Kilka lat temu w merce.com została wprowadzona przez pracowników inicjatywa wspólnego czytania. “Reading” - bo taką roboczą nazwę przyjęto, angażuje grupę osób z różnych zespołów w celu poszerzania wiedzy, rozwoju kompetencji, ciekawych dyskusji branżowych i wzajemnego inspirowania się do nauki nowych umiejętności. Jaka jest historia tych spotkań, jak wpływają na nasz produkt i uczestników oraz dlaczego warto - zapytaliśmy część członków #teammerce.
Czym jest inicjatywa wspólnego czytania, jakie były jej początki?
Sebastian (PIM Team Leader): Reading został stworzony w marcu 2022 roku. Zamysł polegał na tym, żebyśmy wspólnie przerabiali materiał, a następnie podczas spotkania go omawiali. Pomysł narodził się z faktu, że często niektóre zagadnienia są trudne i wraca się do nich ponownie, dopiero po zdobyciu odpowiedniej wiedzy. Dzięki tej inicjatywie proces ten został przyspieszony.
Ta idea jest bardzo dobra, bowiem po zapoznaniu się z treścią i zrozumieniu tematu można poznać perspektywę innych osób i wyciągnąć z niej wnioski. Daje to też możliwość zrozumienia treści, która była dla nas trudna.
Jak wybierana jest tematyka, od czego zależy?
Łukasz (IT system architect)): Ustalamy, że będziemy wspólnie przerabiać dane szkolenie, co tydzień wybraną jego część. Gdy takie szkolenie czy książka jest już przerobiona, to każdy może zaproponować coś innego na następne spotkania - tematykę i materiały do przerobienia wybieramy wspólnie.
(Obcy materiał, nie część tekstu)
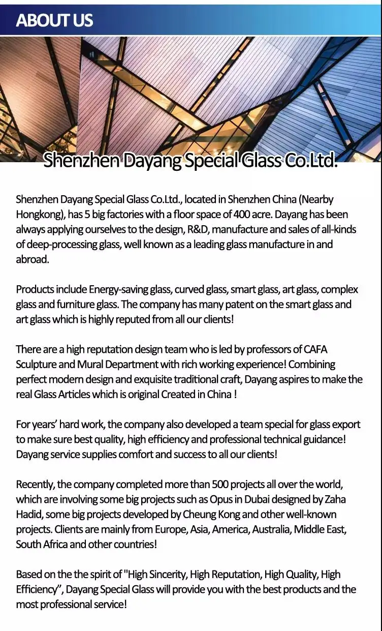 1. Why choose DAYANG Glass? With many years of glass processing experiences for abroad, we have well-found glass processing facilities and professional technology to guarantee the quality and service.
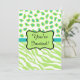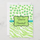 Passen Sie diese raffinierte Einladung für Ihre besondere Veranstaltung, Party oder Ansammlung, Mittag-, Abendessen, Ruhestand Party, Treffen, Mädchen Nacht out oder andere Feiern an. Die Zebrastreifen in Kalkgrün und Weiß sowie Leoparden- oder Geparkskins sorgen für ein trendiges und modernes Design. Ein in Schwarz umrissenes Linoleum auf einer türkisfarbenen aquamarinen blauen Bar und schafft einen Personalisierungsbereich mit dem Namen des Geburtstagsmädchens und "You're Invited" Wörtern, die sich an andere Wörter anpassen lassen. Die Rückseite der Einladung enthält Felder für alle Ihre Informationen für Ihr Party oder Ihre Veranstaltung. Sie können Felder nach Bedarf ganz einfach ändern und löschen. Die Farben sind grün, weiß, türkisblau und aquamarin blau und schwarz. Wilde Tierfelle für Grafikdesign sind ein Trend für Kunst und Design und sind von Mode bis Wohngestaltung sehr beliebt. Diese ausgeklügelte Zebra- und Leopardruckkollektion ist eine von mehreren Farbkombinationen, die für Ihre Auswahl an Einladungen und Koordinaten mit anderen Produkten für ein stilvolles Party zur Verfügung stehen.

S: Wybór następnej lektury / szkolenia / czegokolwiek, co można omówić wspólnie, ma formę debaty - proponujemy różne tematy i wybieramy ten, który zdobył najwięcej głosów.
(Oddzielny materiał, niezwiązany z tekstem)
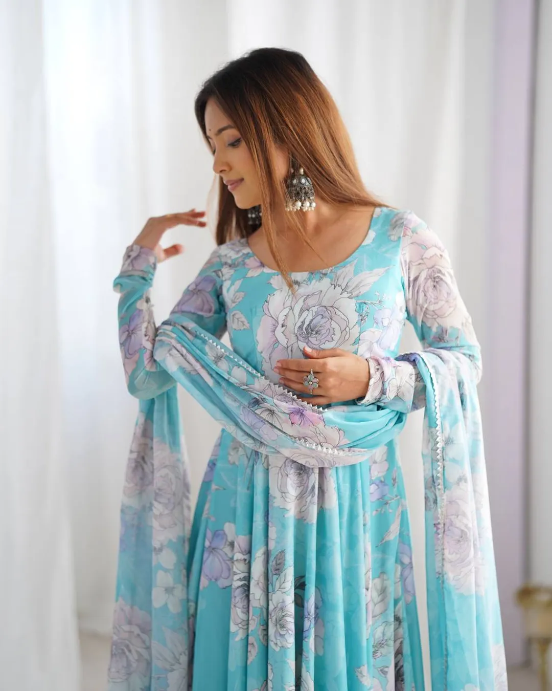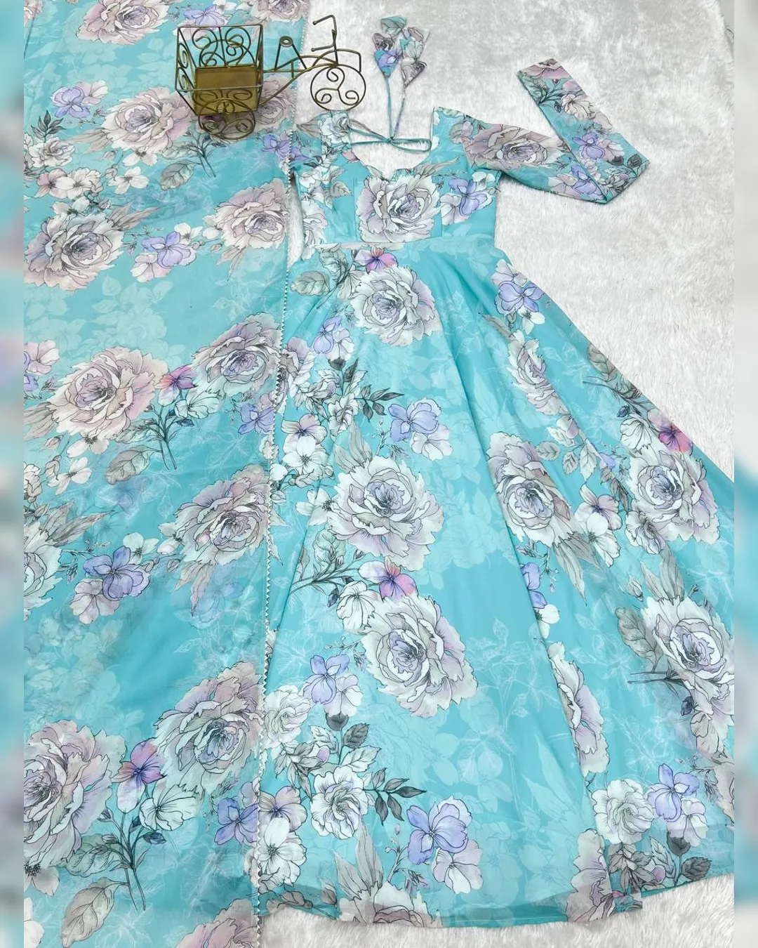 Floral print heavy fox georgette Anarkali gown with 7-meter flare, micro cotton lining, and matching shawl-style dupatta – fully stitched and ready to wear.

Czy często odbywają się takie spotkania i jak wyglądają?
Ł: Spotkania odbywają się co tydzień we wtorek o 11:00 i trwają ok. 1,5 godziny. Mamy również wewnętrzny kanał, gdzie omawiamy szczegóły i kwestie organizacyjne - nazywa się “Reading” i może do niego dołączyć każdy pracownik zainteresowany tematem.
Na spotkaniach panuje duża kultura i dyscyplina. Dyskusja moderuje się praktycznie sama, jak ktoś chce coś powiedzieć, to podnosi rękę na meecie i to go uprawnia do otrzymania głosu.
Kto uczęszcza na takie spotkania, jakie jest zainteresowanie inicjatywą oraz tematyka?
Ł: Są to rozmaite, często bardzo odmienne obszary. Każdemu zdobyta wiedza przyda się w różnym stopniu. Wiadomo, że dla jednych będzie ona bardziej przydatna, a dla innych mniej, ale najważniejsze jest, że w ten sposób można zdobyć nowe umiejętności. Są osoby, które wolą słuchać i są osoby, które są bardziej aktywne i udzielają się, dając też więcej od siebie.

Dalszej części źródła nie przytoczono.